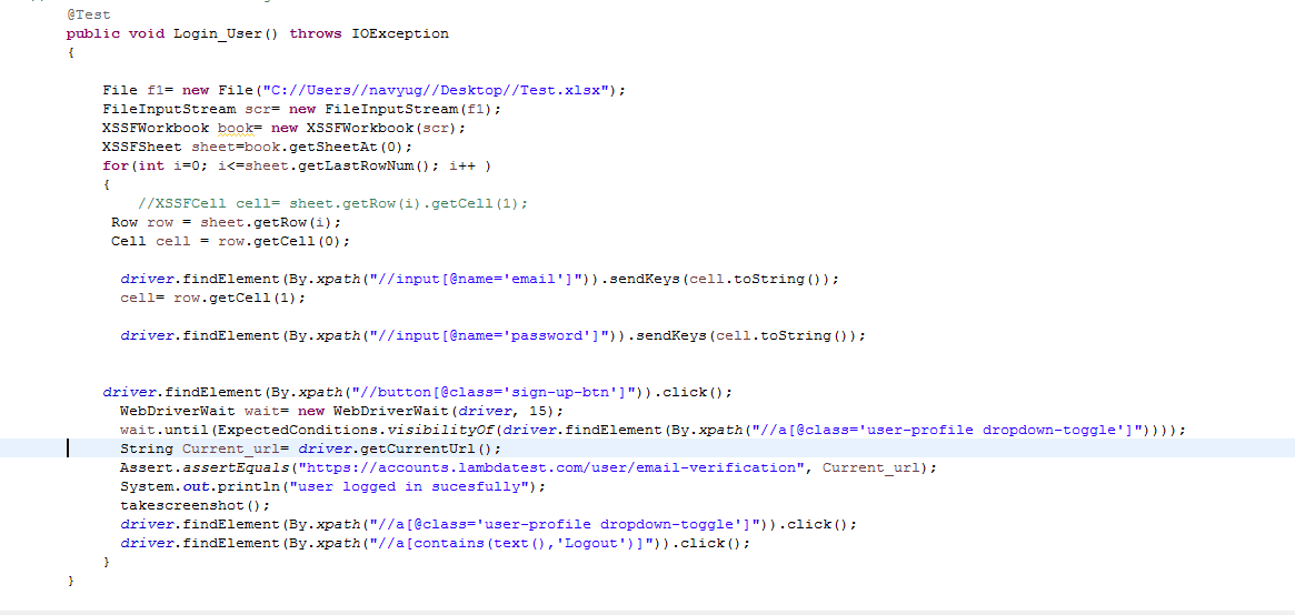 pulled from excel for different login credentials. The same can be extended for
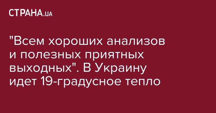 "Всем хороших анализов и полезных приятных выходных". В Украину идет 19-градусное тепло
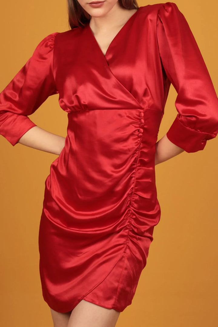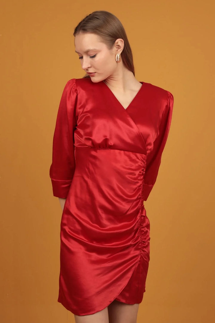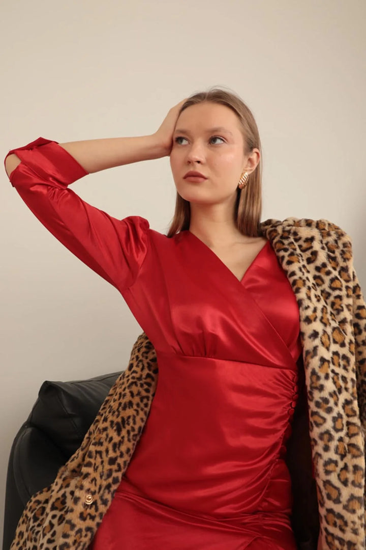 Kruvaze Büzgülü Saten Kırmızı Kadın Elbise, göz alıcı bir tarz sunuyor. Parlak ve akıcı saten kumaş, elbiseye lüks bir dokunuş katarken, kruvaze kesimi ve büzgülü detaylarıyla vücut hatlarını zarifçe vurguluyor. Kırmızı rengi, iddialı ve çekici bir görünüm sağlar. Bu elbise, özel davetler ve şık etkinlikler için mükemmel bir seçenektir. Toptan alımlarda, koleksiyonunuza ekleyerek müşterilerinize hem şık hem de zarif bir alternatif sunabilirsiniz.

● ● ● ●

* **ACTIVITY**:
Please give again, exactly and only, the lines from the top of the listing above through the line that has "идет 19-градусное тепло", with pictures left out.

* **SOLUTION TO THE PROBLEM**:
 pulled from excel for different login credentials. The same can be extended for
 "Всем хороших анализов и полезных приятных выходных". В Украину идет 19-градусное тепло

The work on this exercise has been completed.